A Social History of the American Negro eBook

Benjamin Griffith Brawley
This eBook from the Gutenberg Project consists of approximately 546 pages of information about A Social History of the American Negro.

A Social History of the American Negro eBook

Benjamin Griffith Brawley
This eBook from the Gutenberg Project consists of approximately 546 pages of information about A Social History of the American Negro.
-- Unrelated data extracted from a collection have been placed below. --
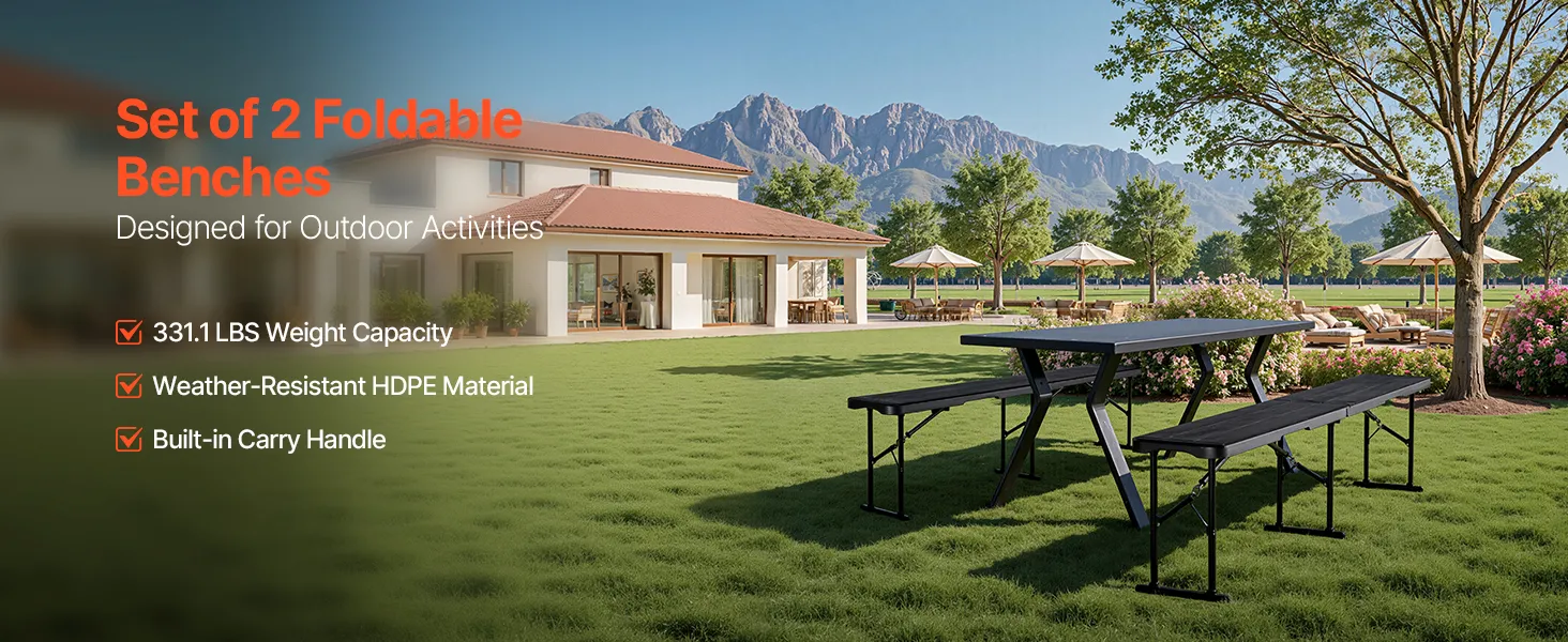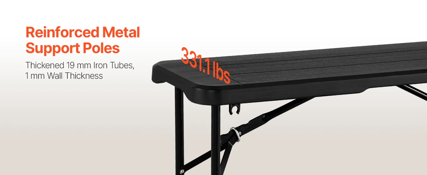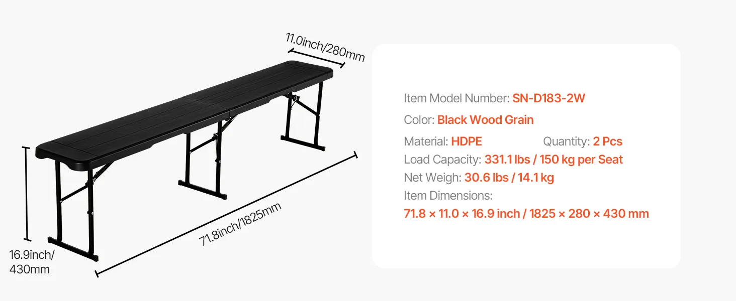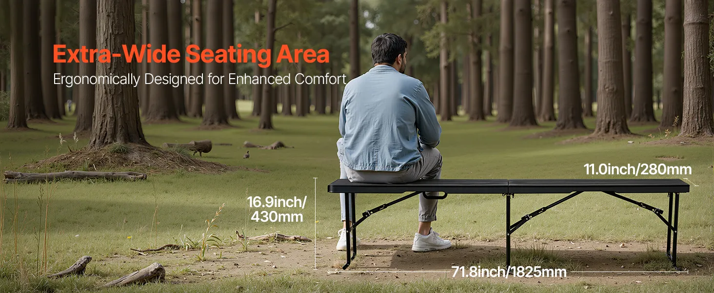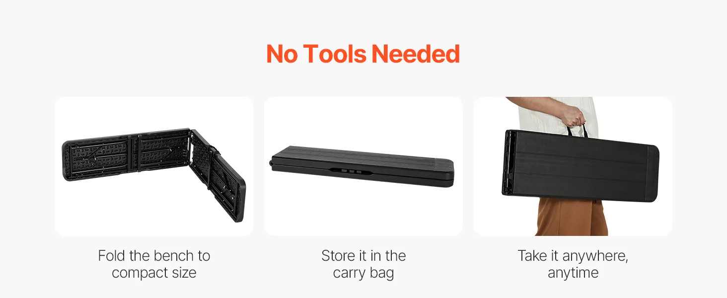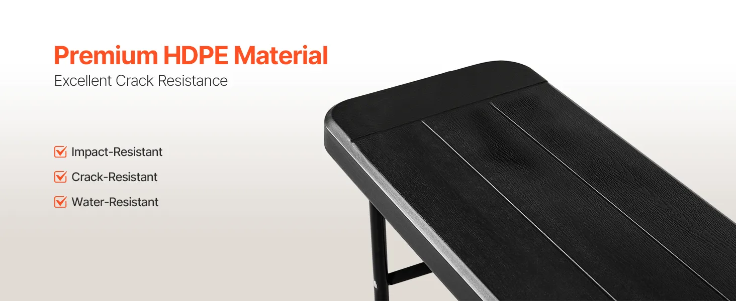 Táto prenosná lavička je vyrobená z prvotriedneho materiálu HDPE, je robustná a odolná. Vďaka svojej skladacej konštrukcii je ideálna na športové podujatia, večierky, kempovanie v prírode alebo akúkoľvek dočasnú činnosť.
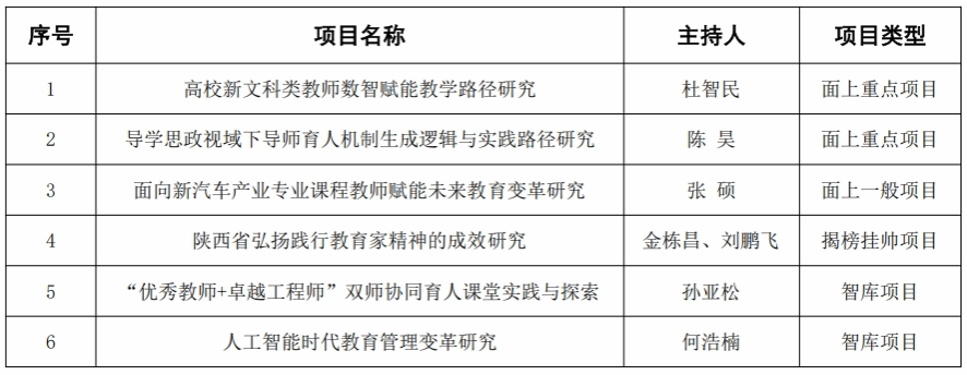 近日,陕西省教育厅正式公布了2025年度陕西省教师教育改革与教师发展研究项目立项结果,KY开元“高校新文科类教师数智赋能教学路径研究”等6个项目获批立项,涵盖面上项目、揭榜挂帅项目和智库项目等三大类别。
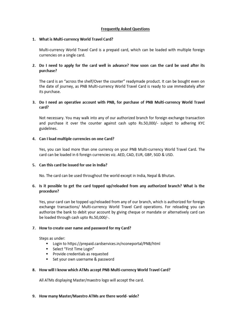 the date of journey, as PNB Multi-currency World Travel Card is ready to use immediately after
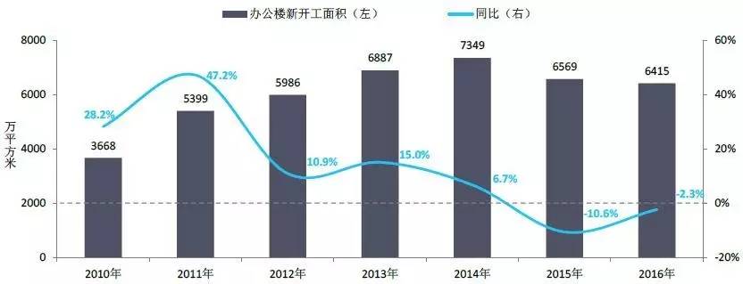 图:2010-2016年全国办公楼新开工面积及其同比增速
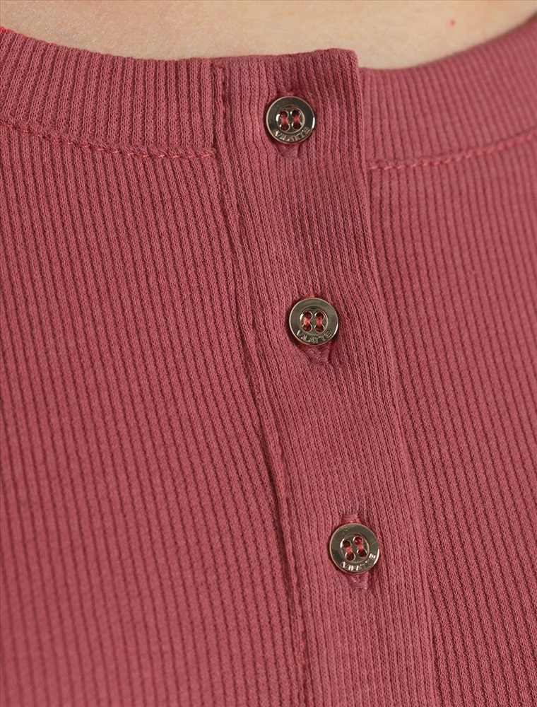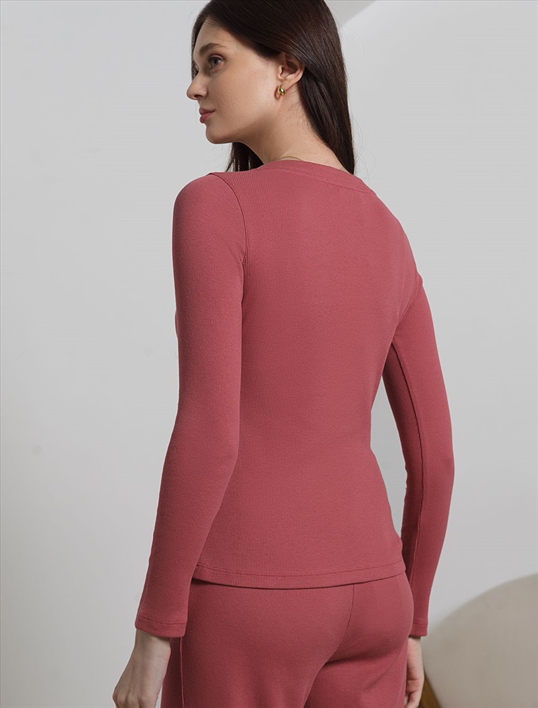 Лонгслив темно-кораллового цвета в мелкий рубчик облегающий с круглым вырезом на пуговицах — это удобный и стильный выбор для любого времени года. Благодаря продуманному дизайну и аккуратному круглому вырезу такой вариант лонгслива отлично смотрится и на работе, и в повседневной жизни. Трикотаж в мелкий рубчик делает тонкий джемпер особенно мягким и дарит комфорт. Натуральный хлопок в составе приятен телу, обеспечивает хорошую воздухопроницаемость и сохраняет теплоту. Облегает фигуру, подчеркивая достоинства силуэта, делая образ женственным. Материал отличается мягкой и эластичной структурой, благодаря чему лонгслив не сковывает движений и дарит ощущение свободы в течение дня. Лонг подходит на любую фигуру, не теряя привлекательного внешнего вида даже на большие размеры. Такой стильный лонгслив позволяет легко создавать повседневные и расслабленные образы.
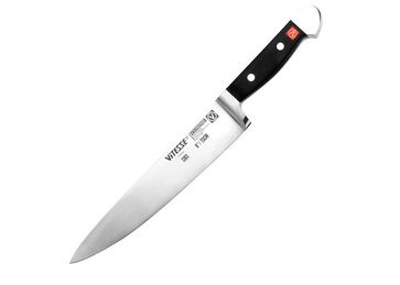 Нож поварской Cuisine Материал лезвия ножа - Нержавеющая сталь Материал ручки ножа - Бакелит Цвет ручки - черный Бренд - ViTESSE Размер коробки, см - 41,00 х 9,00 х 3,00 Вес,кг - 0,440 Длина и толщина: 9" / 23 см, 3 мм
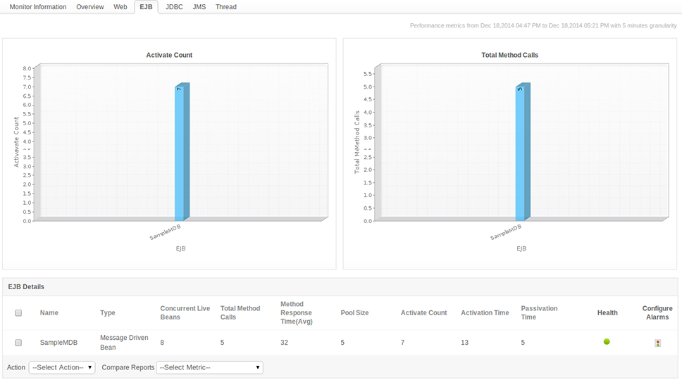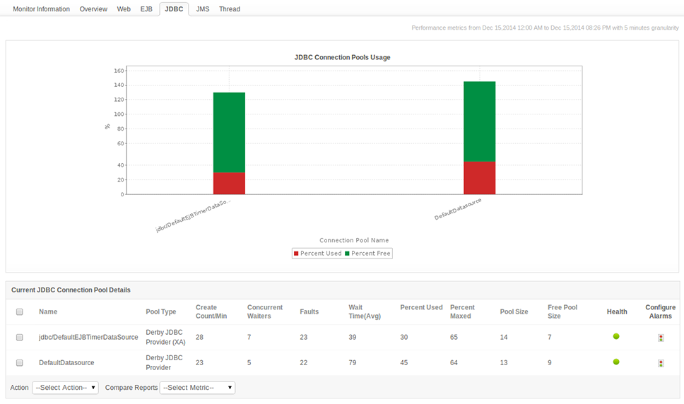 监控WebSphere应用服务器的可用性、健康状况和性能。通过计算CPU/内存使用、JVM使用和响应时间,确保资源合理分配。跟踪包括实时会话、Enterprise Java Beans (EJBs)、JDBC连接池、JMS队列等重要性能指标。
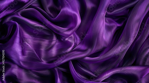 © vadosloginov, Obraz premium A close-up view of a piece of deep purple fabric that is draped and folded, showing its subtle shimmer and texture. The smooth, silky surface of the fabric catches the light, creating a mesmerizing an
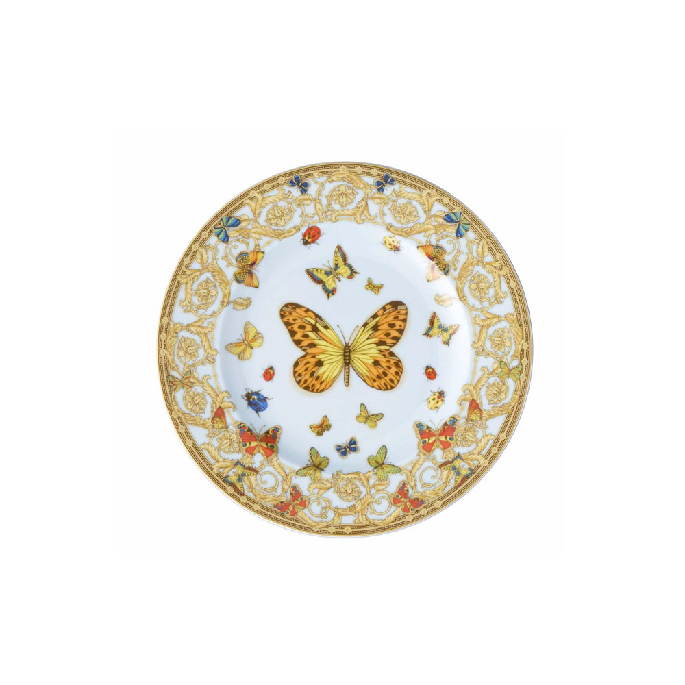Ten uroczy porcelanowy talerz ma jasny i kolorowy wzór, który od razu przyciąga wzrok, dzięki czemu jest zarówno przedmiotem kolekcjonerskim, jak i wyrafinowaną zastawą stołową. Elegancki motyl wyróżnia się na środku, otoczony delikatną ozdobną obwódką z motywami kwiatowymi i arabeskowymi.
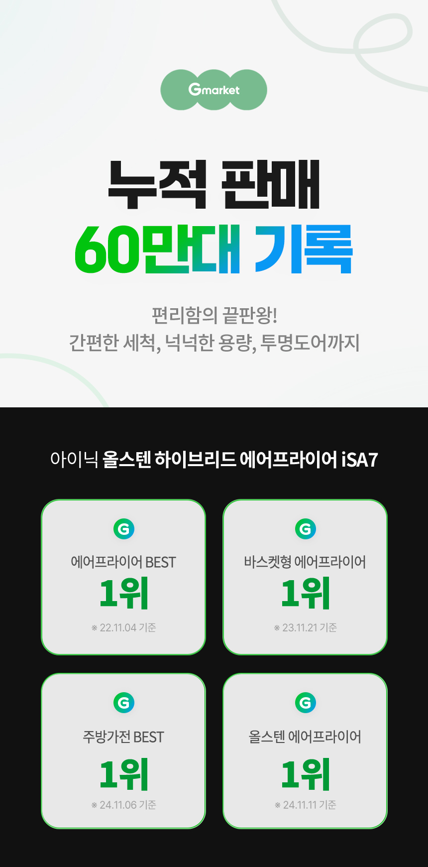 (최종 10.4만) 아이닉 올스텐 에어프라이어 iSA7 ( + 올스텐 디바이더 증정)
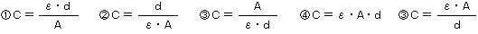(3) 面積がA、間隔がdの平行な二つの導体板の間に、誘電率がεの絶縁体をはさむと、導体板間の静電容量Cは、( ウ )の関係式で表される。
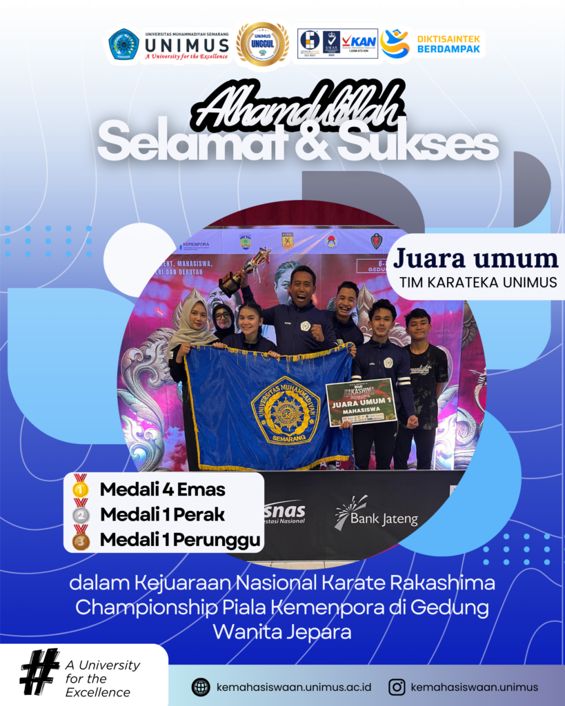Semarang – Tim Karate Universitas Muhammadiyah Semarang (UNIMUS) kembali menorehkan prestasi membanggakan di tingkat nasional dengan meraih Juara Umum I pada ajang Rakashima Championship Piala Kemenpora kategori mahasiswa. Kejuaraan bergengsi tersebut diselenggarakan di Gedung Wanita Jepara dan diikuti oleh berbagai perguruan tinggi dari seluruh Indonesia.
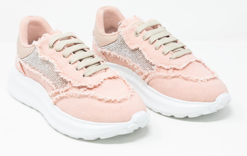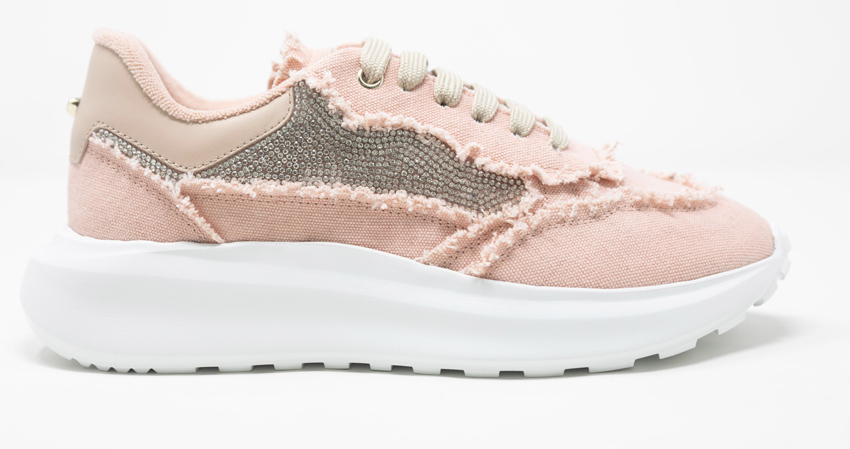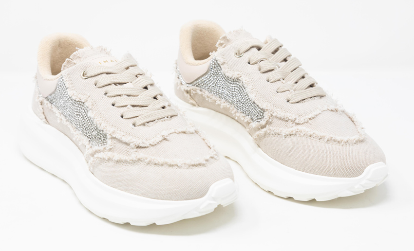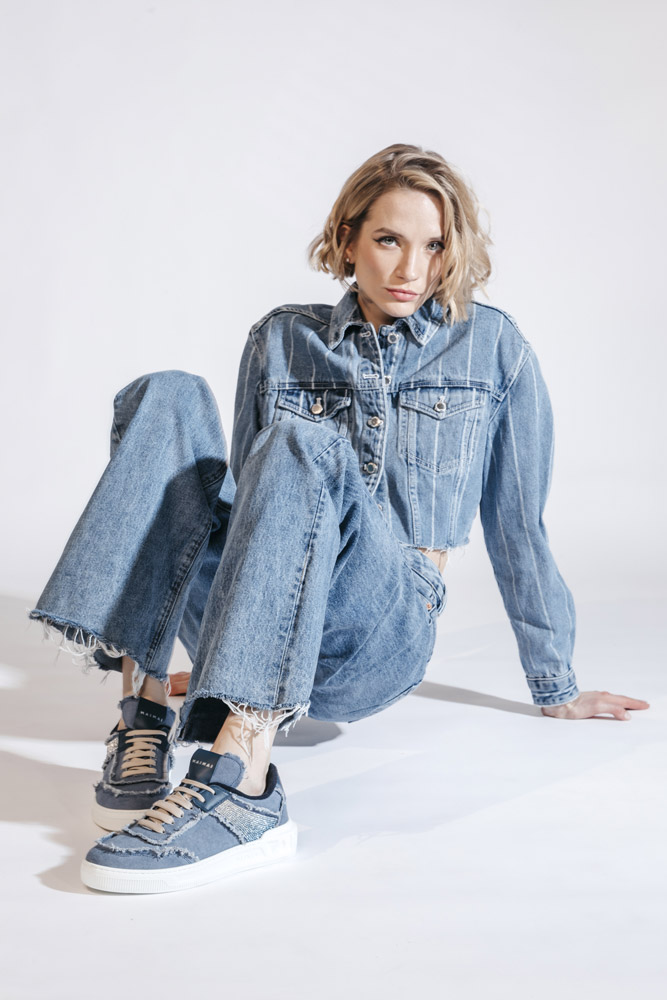 Di contro, però, visto che MAIMAI nasce nel cuore del Salento, straordinaria terra di contrasti che creano un’armonia inattesa e unica, il denim sfrangiato è impreziosito da applicazioni ordinate di piccoli strass degradé, che illuminano il fianco delle sneakers e svaniscono lungo il tallone.
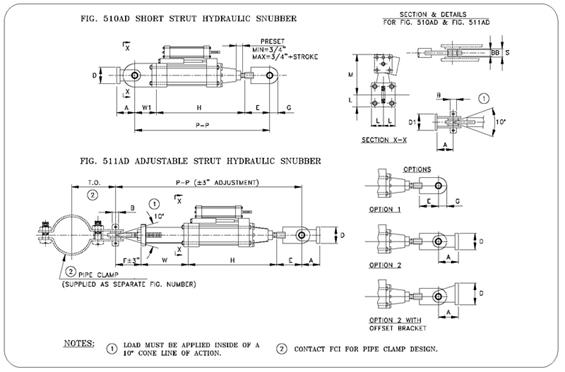 Use Snubber data in CAEPIPE to model the Snubber as shown above. Enter the direction based on direction of the Snubber.
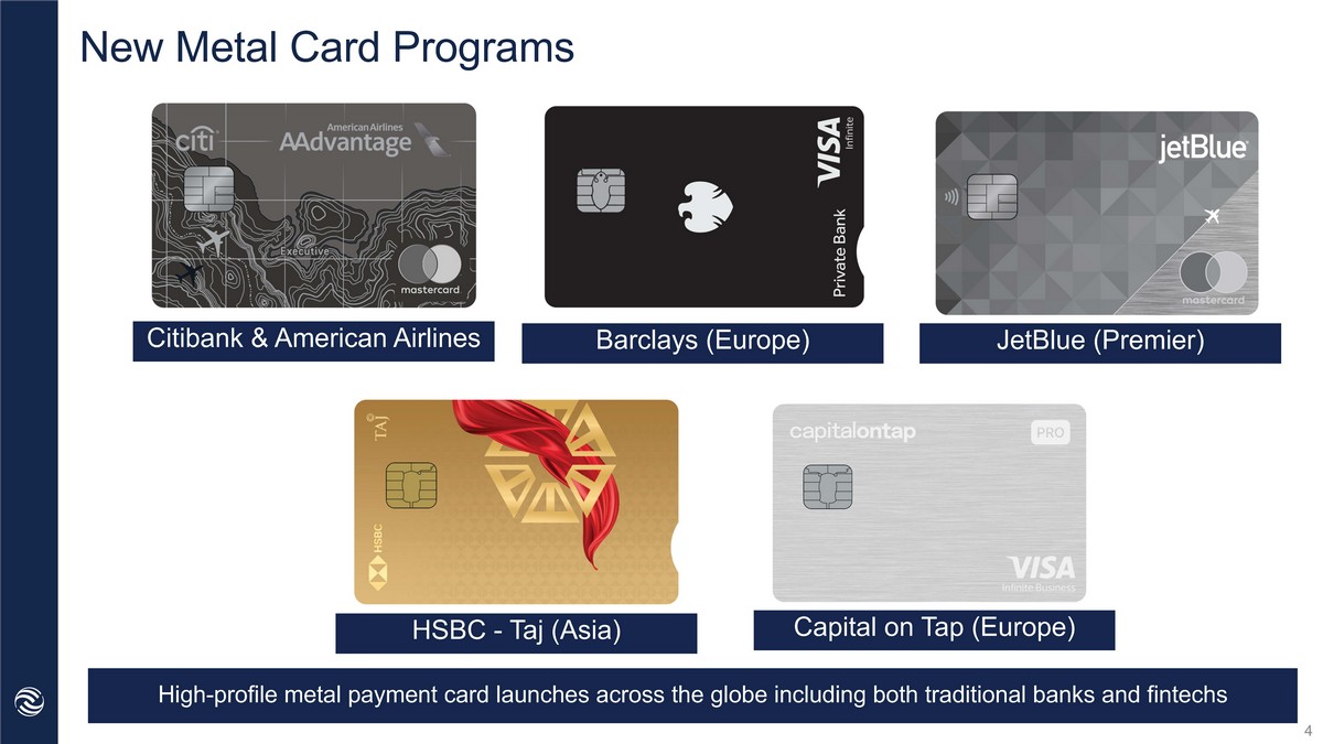Key Highlights – New Metal Card Programs 4 High - profile metal payment card launches across the globe including both traditional banks and fintechs Citibank & American Airlines Barclays (Europe) JetBlue (Premier) HSBC - Taj (Asia) Capital on Tap (Europe)
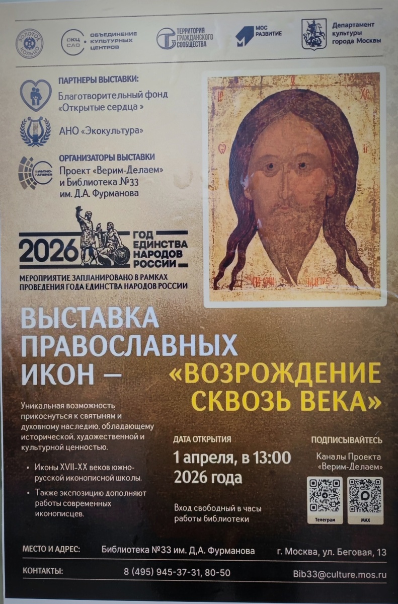 В библиотеке №33 им. Д.А. Фурманова прошла выставка православных икон «Возрождение сквозь века», приуроченная к году единства народов России. Здесь впервые собрались уникальные святыни из разных храмов, которые прежде никогда не были представлены вместе.

As having the status of an apprentice the servant could sue in court and he was regularly allowed “freedom dues” at the expiration of his term.  He could not vote, however, could not bear weapons, and of course could not hold office.  In some cases, especially where the system was voluntary, servants sustained kindly relations with their masters, a few even becoming secretaries or tutors.  More commonly, however, the lot of the indentured laborer was a hard one, his food often being only coarse Indian meal, and water mixed with molasses.  The moral effect of the system was bad in the fate to which it subjected woman and in the evils resulting from the sale of the labor of children.  In this whole connection, however, it is to be remembered that the standards of the day were very different from those of our own.  The modern humanitarian impulse had not yet moved the heart of England, and flogging was still common for soldiers and sailors, criminals and children alike.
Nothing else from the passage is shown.